Work instruction: In the listing below, find the line with "Source Two Pocket" and the line with "the inflatable cone.", then return them and every line between them exactly, minus the pictures.

Dataset content:
---------------
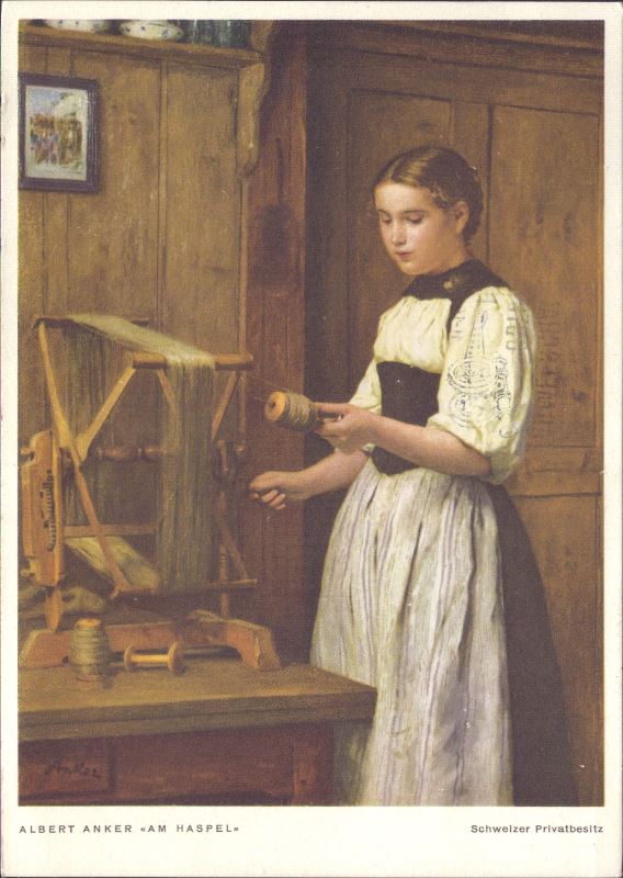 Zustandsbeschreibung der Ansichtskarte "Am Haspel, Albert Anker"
---------------
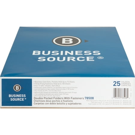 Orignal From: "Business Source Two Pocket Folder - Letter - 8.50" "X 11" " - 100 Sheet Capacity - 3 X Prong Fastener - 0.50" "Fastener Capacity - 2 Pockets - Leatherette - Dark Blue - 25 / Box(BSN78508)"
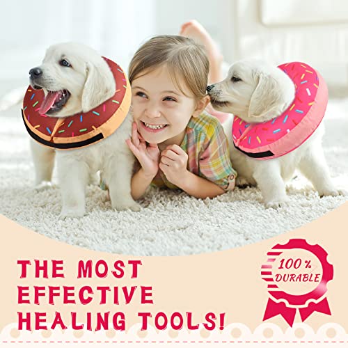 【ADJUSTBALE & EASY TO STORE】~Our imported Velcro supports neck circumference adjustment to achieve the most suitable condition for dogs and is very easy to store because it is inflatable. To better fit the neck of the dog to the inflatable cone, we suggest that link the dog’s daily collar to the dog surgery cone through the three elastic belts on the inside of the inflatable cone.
---------------
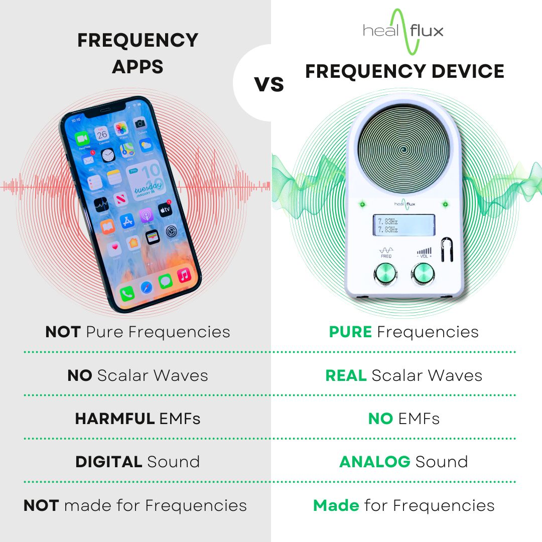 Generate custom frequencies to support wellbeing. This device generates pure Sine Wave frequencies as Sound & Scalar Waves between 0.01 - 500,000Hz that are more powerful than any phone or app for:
---------------
Solution to this exercise:
 Orignal From: "Business Source Two Pocket Folder - Letter - 8.50" "X 11" " - 100 Sheet Capacity - 3 X Prong Fastener - 0.50" "Fastener Capacity - 2 Pockets - Leatherette - Dark Blue - 25 / Box(BSN78508)"
 【ADJUSTBALE & EASY TO STORE】~Our imported Velcro supports neck circumference adjustment to achieve the most suitable condition for dogs and is very easy to store because it is inflatable. To better fit the neck of the dog to the inflatable cone, we suggest that link the dog’s daily collar to the dog surgery cone through the three elastic belts on the inside of the inflatable cone.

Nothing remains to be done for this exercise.